The Last Guardian by Shane Johnson, A Partial Review
Published 2000 by Waterbrook Press, 498 pages
Genre: Christian suspense, apocalyptic literature, fantasy, rated pg-13 (by me) for violence
I can see that this is a book a lot of people are going to like. A reader suggested it, so I checked it out of the library. (!)
The problem is that I can’t stand suspense. I’m not a Hitchcock fan, or anything like that. So I kept putting the book down when the suspense level got too much for me. Finally I decided not to finish it.
HOWEVER, if you are a Christian suspense lover, you may well love this book. So I am going to put it on your radar screen.
The book is based on the Biblical young earth. Before the disaster that we call the Flood, it was a warm world, like a greenhouse under a pink sky which somehow held plenty of water in suspension. Dinosaurs and mammoths lived in forests of fern fronds. People were there too. Evil was overtaking them.

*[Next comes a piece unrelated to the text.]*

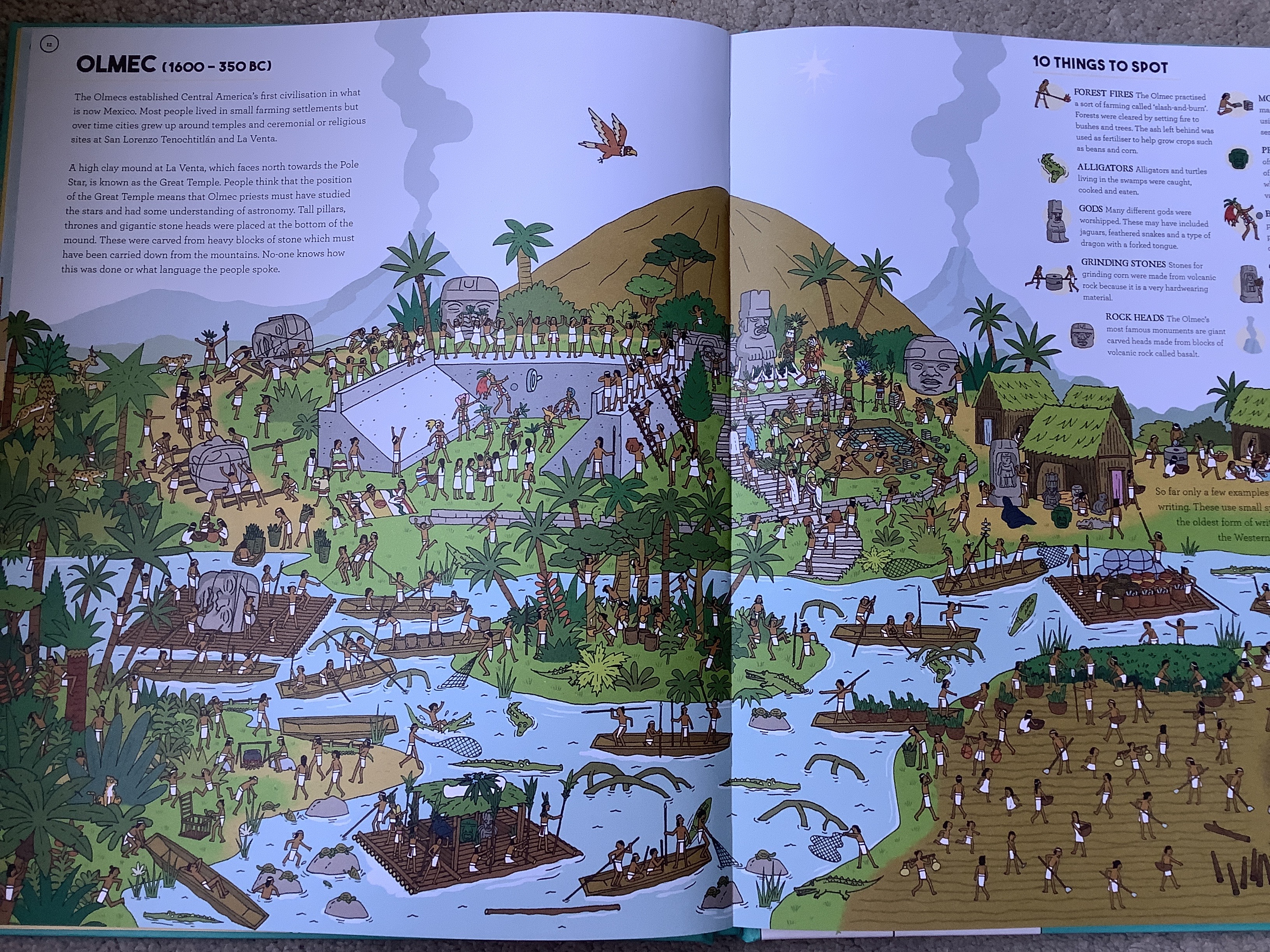 I love scanning the pages for details and when this book arrived with a magnifying glass, I was impressed and excited. It meant that my kids and I could find those items hidden on each page. With an almost Where’s Wally vibe, this book will keep readers entertained for hours! Using the magnifying glass allows you the chance to delve further into those ancient history details. Spanning thousands of years, this reveals some interesting views on ancient societies and peoples. There are some empires that I was unfamiliar with and was keen to know more about, most particularly, the Kingdom of Kush (800BC- 350AD) and the Xiongnu Empire (209BC-46AD). Fascinating insights and items to spot!

There were fated to be 12 guardians of a holy object, who one after the other guard it until they are able to pass it off to the next guardian. Finally the eleventh guardian doesn’t find a successor. An unseen hand lifts the relic from his grasp before he dies at the hands of enemies.
Soon afterward, the Word of the Lord brings megadisaster on the planet, which writhes in pain, water, and mud. Most everyone and everything dies. Creatures are entombed, fossil beds laid down. (Noah we presume is somewhere on the other side of the world, saving remants.)
Now it is close to the present day. A modern doctoral student, TG Shass, is hiking with his friend and is caught in a thunderstorm rapelling down a rock face. Somehow he disappears for three days and reappears 2000 miles away.
The ancient relic is his now, and stays with him even when he tries to leave it with some scientists to study. So he is the 12th and last guardian. Evil spirit-creatures are now stalking him.
This is where I put the book down!
Characters are well developed. The lyrical detail is woven in. Suspense is built with little foreshadowing comments. It’s masterfully written, I can see. I assume TG moves from little faith to much more faith as the book progresses.
I know the book takes TG to another world called Noron. That’s because there’s a map of Noron at the front of the book.
So, I dare you! Check it out! Don’t be a wimp like me. And tell me if you liked it!–Phyllis Wheeler
I got a comment through Facebook which I will post here:
“So, what do you think of Bryan Davis’s Dragons in Our Midst
series from AMG Publishers, and his Eye of the Oracle series?
Oh, and I really like your header on your blog site. It’s very
striking!”–SKM
I’m going to respond here: I’ll put your suggestions on my
suggestion list. Glad you like the header.